[Data excerpts]
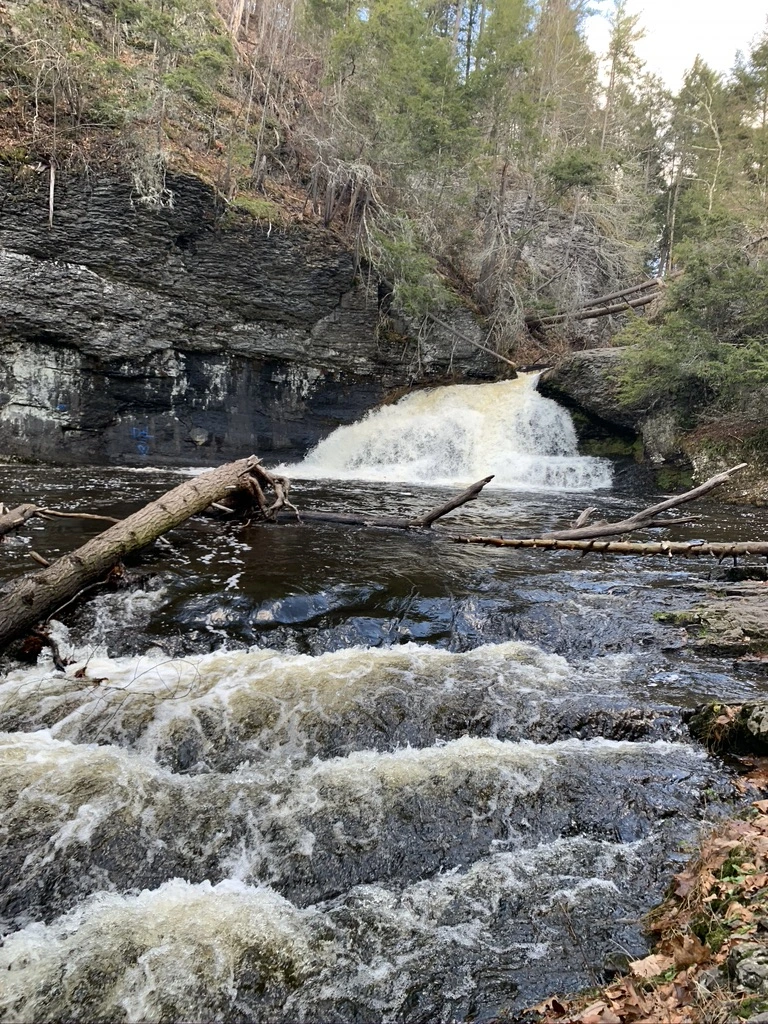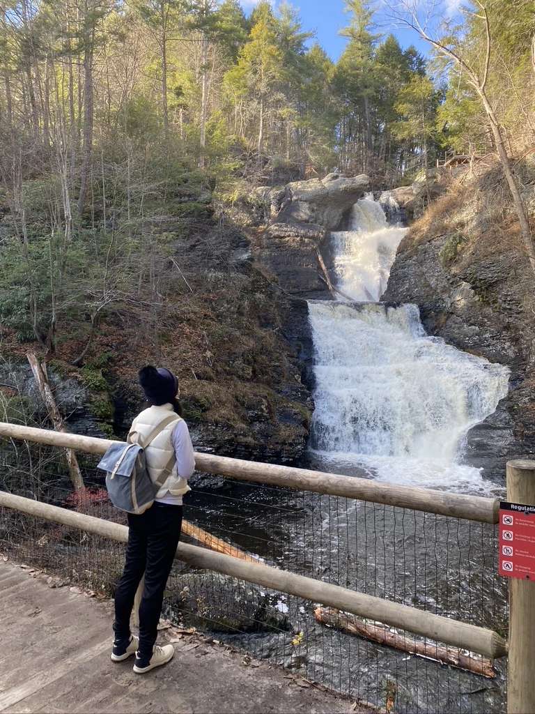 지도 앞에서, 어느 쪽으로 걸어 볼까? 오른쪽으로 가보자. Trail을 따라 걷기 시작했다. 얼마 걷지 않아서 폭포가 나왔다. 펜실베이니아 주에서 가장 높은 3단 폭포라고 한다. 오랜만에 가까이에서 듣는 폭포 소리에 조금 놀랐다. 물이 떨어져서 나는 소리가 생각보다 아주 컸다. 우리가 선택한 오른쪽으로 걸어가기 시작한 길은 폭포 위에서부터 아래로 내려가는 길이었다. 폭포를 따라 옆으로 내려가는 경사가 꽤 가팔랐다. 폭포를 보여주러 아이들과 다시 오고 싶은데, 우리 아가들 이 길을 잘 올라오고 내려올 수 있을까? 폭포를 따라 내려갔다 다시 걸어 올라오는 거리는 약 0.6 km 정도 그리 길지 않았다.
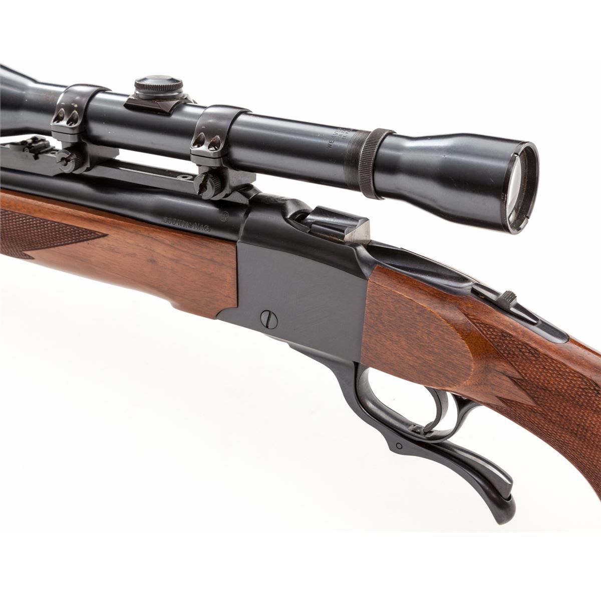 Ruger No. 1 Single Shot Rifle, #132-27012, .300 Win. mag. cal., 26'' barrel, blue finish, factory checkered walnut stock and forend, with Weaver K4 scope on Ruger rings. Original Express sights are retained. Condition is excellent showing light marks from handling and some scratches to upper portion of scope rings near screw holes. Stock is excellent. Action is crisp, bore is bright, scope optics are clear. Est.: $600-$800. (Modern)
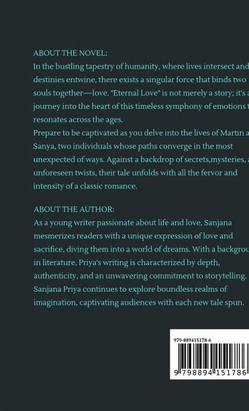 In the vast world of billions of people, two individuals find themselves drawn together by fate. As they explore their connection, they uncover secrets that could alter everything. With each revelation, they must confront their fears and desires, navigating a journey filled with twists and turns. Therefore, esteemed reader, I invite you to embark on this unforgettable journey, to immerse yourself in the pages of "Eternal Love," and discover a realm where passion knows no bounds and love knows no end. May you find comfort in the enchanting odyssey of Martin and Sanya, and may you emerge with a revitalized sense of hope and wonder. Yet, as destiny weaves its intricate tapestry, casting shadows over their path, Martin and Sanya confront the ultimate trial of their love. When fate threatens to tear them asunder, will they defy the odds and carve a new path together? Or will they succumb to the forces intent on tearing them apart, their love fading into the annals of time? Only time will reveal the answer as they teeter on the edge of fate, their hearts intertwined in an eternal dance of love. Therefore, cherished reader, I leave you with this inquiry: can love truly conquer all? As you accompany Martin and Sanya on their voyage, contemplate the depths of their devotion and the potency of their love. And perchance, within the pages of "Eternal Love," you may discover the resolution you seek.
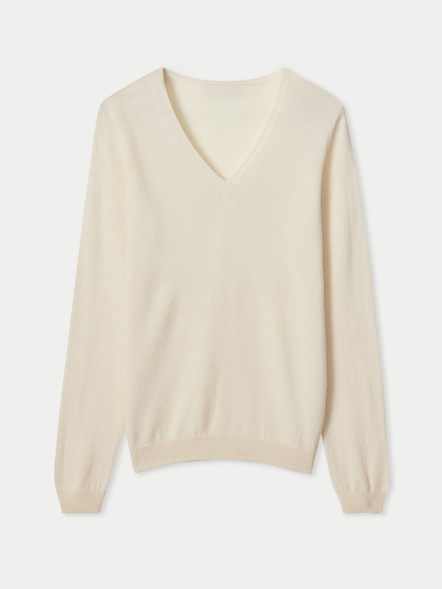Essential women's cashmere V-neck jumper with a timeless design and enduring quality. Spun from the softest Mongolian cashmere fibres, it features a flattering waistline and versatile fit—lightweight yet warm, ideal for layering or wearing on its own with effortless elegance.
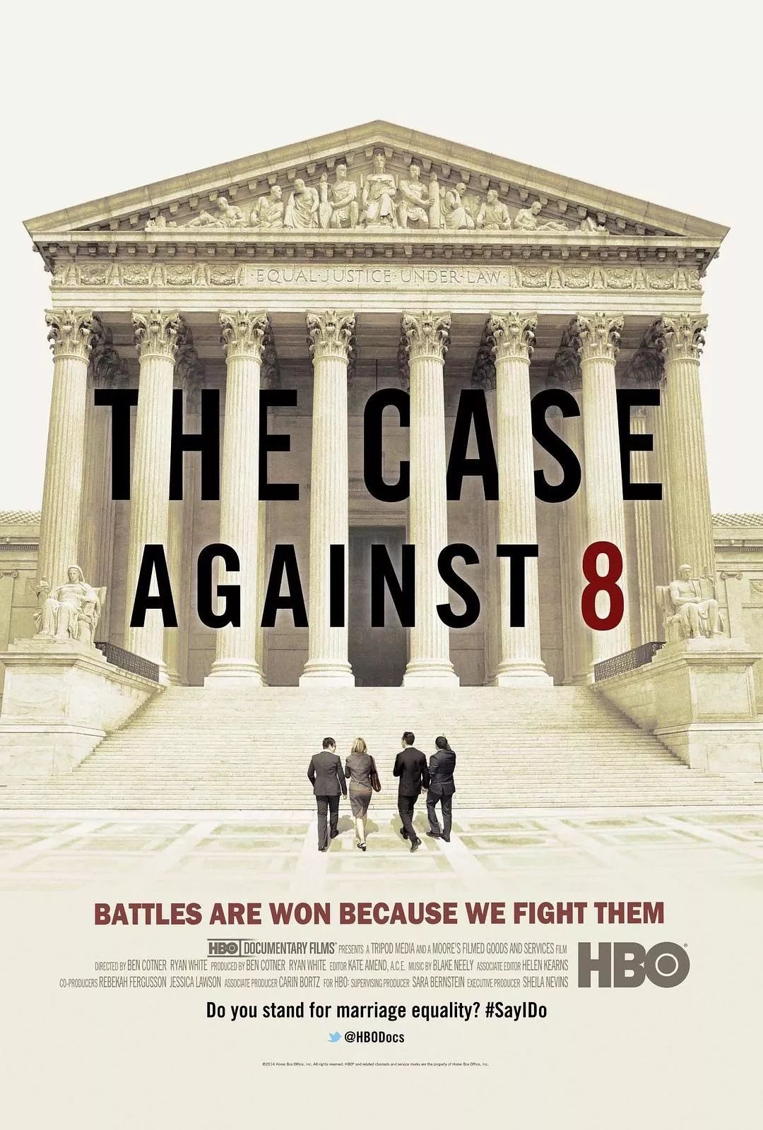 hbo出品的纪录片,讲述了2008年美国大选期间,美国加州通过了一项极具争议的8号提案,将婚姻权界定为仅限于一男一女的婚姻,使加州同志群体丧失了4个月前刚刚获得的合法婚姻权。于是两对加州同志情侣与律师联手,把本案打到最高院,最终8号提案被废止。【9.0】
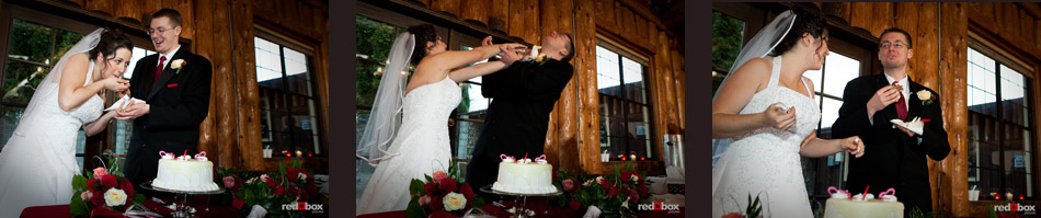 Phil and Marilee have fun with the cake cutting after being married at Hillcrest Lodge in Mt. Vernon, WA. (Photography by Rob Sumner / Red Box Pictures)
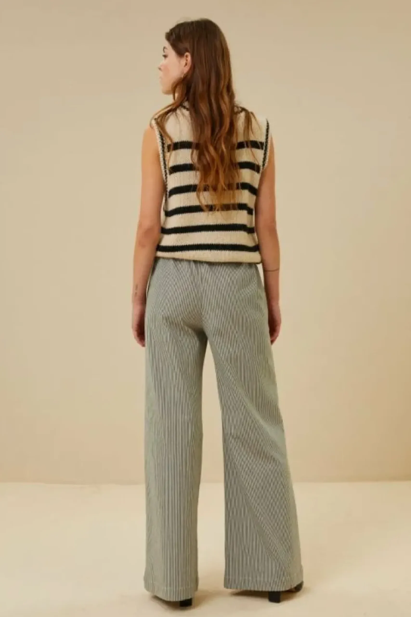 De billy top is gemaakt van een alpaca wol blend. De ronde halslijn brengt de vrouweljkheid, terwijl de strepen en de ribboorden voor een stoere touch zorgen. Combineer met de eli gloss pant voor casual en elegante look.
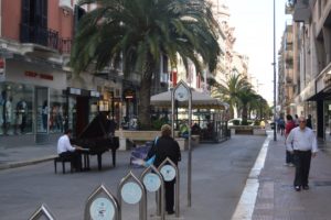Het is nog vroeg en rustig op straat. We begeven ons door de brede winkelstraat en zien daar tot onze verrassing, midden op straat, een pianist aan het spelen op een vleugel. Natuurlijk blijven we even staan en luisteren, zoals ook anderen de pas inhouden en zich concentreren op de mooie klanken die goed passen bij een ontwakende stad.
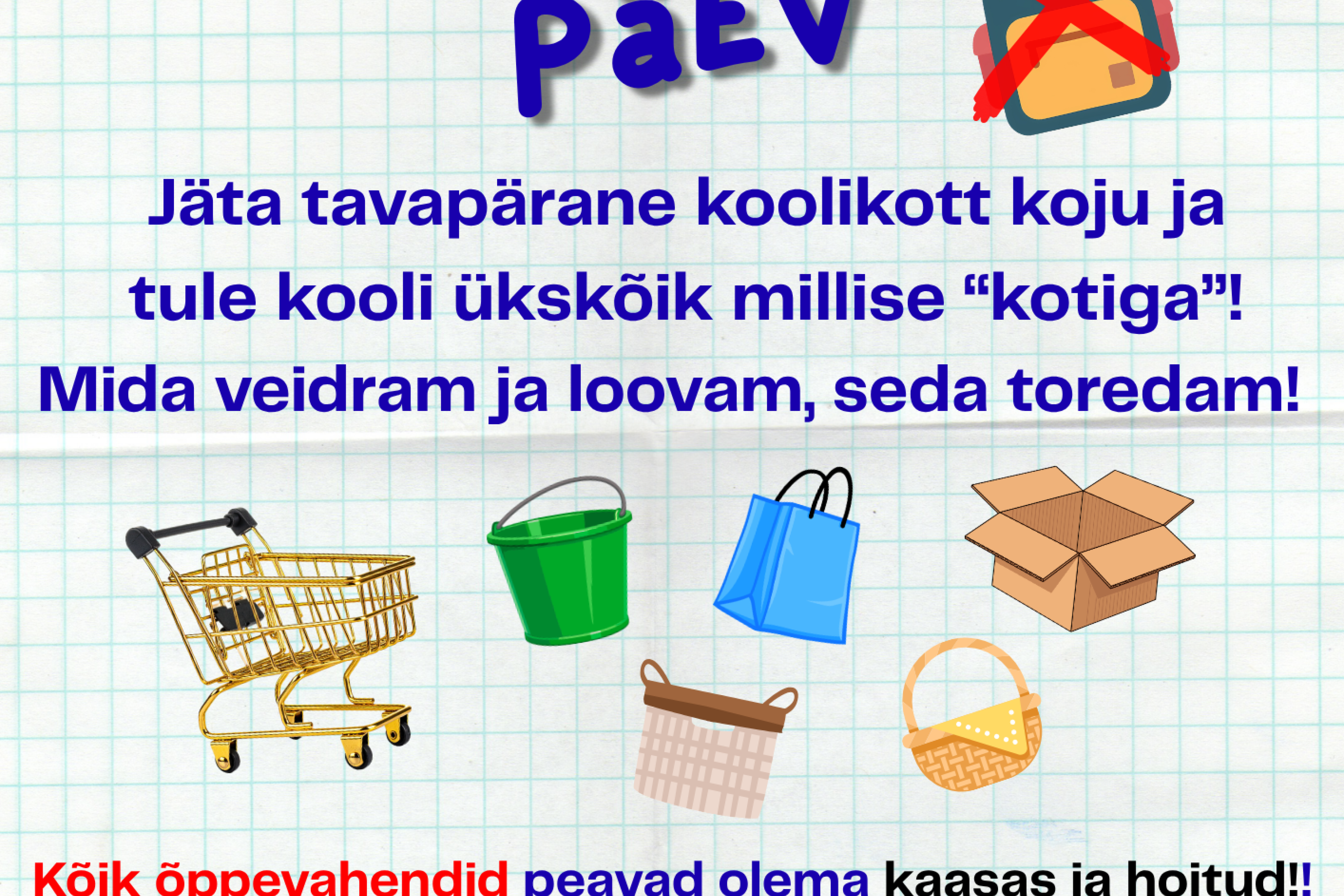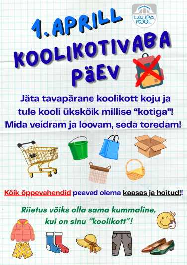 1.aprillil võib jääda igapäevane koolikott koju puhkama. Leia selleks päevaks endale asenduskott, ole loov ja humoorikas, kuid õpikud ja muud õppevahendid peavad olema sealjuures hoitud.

__Exercise requirements__
Repeat every line of the data exactly, but do not include pictures.

__Exercise answer__
 지도 앞에서, 어느 쪽으로 걸어 볼까? 오른쪽으로 가보자. Trail을 따라 걷기 시작했다. 얼마 걷지 않아서 폭포가 나왔다. 펜실베이니아 주에서 가장 높은 3단 폭포라고 한다. 오랜만에 가까이에서 듣는 폭포 소리에 조금 놀랐다. 물이 떨어져서 나는 소리가 생각보다 아주 컸다. 우리가 선택한 오른쪽으로 걸어가기 시작한 길은 폭포 위에서부터 아래로 내려가는 길이었다. 폭포를 따라 옆으로 내려가는 경사가 꽤 가팔랐다. 폭포를 보여주러 아이들과 다시 오고 싶은데, 우리 아가들 이 길을 잘 올라오고 내려올 수 있을까? 폭포를 따라 내려갔다 다시 걸어 올라오는 거리는 약 0.6 km 정도 그리 길지 않았다.
 Ruger No. 1 Single Shot Rifle, #132-27012, .300 Win. mag. cal., 26'' barrel, blue finish, factory checkered walnut stock and forend, with Weaver K4 scope on Ruger rings. Original Express sights are retained. Condition is excellent showing light marks from handling and some scratches to upper portion of scope rings near screw holes. Stock is excellent. Action is crisp, bore is bright, scope optics are clear. Est.: $600-$800. (Modern)
 In the vast world of billions of people, two individuals find themselves drawn together by fate. As they explore their connection, they uncover secrets that could alter everything. With each revelation, they must confront their fears and desires, navigating a journey filled with twists and turns. Therefore, esteemed reader, I invite you to embark on this unforgettable journey, to immerse yourself in the pages of "Eternal Love," and discover a realm where passion knows no bounds and love knows no end. May you find comfort in the enchanting odyssey of Martin and Sanya, and may you emerge with a revitalized sense of hope and wonder. Yet, as destiny weaves its intricate tapestry, casting shadows over their path, Martin and Sanya confront the ultimate trial of their love. When fate threatens to tear them asunder, will they defy the odds and carve a new path together? Or will they succumb to the forces intent on tearing them apart, their love fading into the annals of time? Only time will reveal the answer as they teeter on the edge of fate, their hearts intertwined in an eternal dance of love. Therefore, cherished reader, I leave you with this inquiry: can love truly conquer all? As you accompany Martin and Sanya on their voyage, contemplate the depths of their devotion and the potency of their love. And perchance, within the pages of "Eternal Love," you may discover the resolution you seek.
Essential women's cashmere V-neck jumper with a timeless design and enduring quality. Spun from the softest Mongolian cashmere fibres, it features a flattering waistline and versatile fit—lightweight yet warm, ideal for layering or wearing on its own with effortless elegance.
 hbo出品的纪录片,讲述了2008年美国大选期间,美国加州通过了一项极具争议的8号提案,将婚姻权界定为仅限于一男一女的婚姻,使加州同志群体丧失了4个月前刚刚获得的合法婚姻权。于是两对加州同志情侣与律师联手,把本案打到最高院,最终8号提案被废止。【9.0】
 Phil and Marilee have fun with the cake cutting after being married at Hillcrest Lodge in Mt. Vernon, WA. (Photography by Rob Sumner / Red Box Pictures)
 De billy top is gemaakt van een alpaca wol blend. De ronde halslijn brengt de vrouweljkheid, terwijl de strepen en de ribboorden voor een stoere touch zorgen. Combineer met de eli gloss pant voor casual en elegante look.
Het is nog vroeg en rustig op straat. We begeven ons door de brede winkelstraat en zien daar tot onze verrassing, midden op straat, een pianist aan het spelen op een vleugel. Natuurlijk blijven we even staan en luisteren, zoals ook anderen de pas inhouden en zich concentreren op de mooie klanken die goed passen bij een ontwakende stad.
 1.aprillil võib jääda igapäevane koolikott koju puhkama. Leia selleks päevaks endale asenduskott, ole loov ja humoorikas, kuid õpikud ja muud õppevahendid peavad olema sealjuures hoitud.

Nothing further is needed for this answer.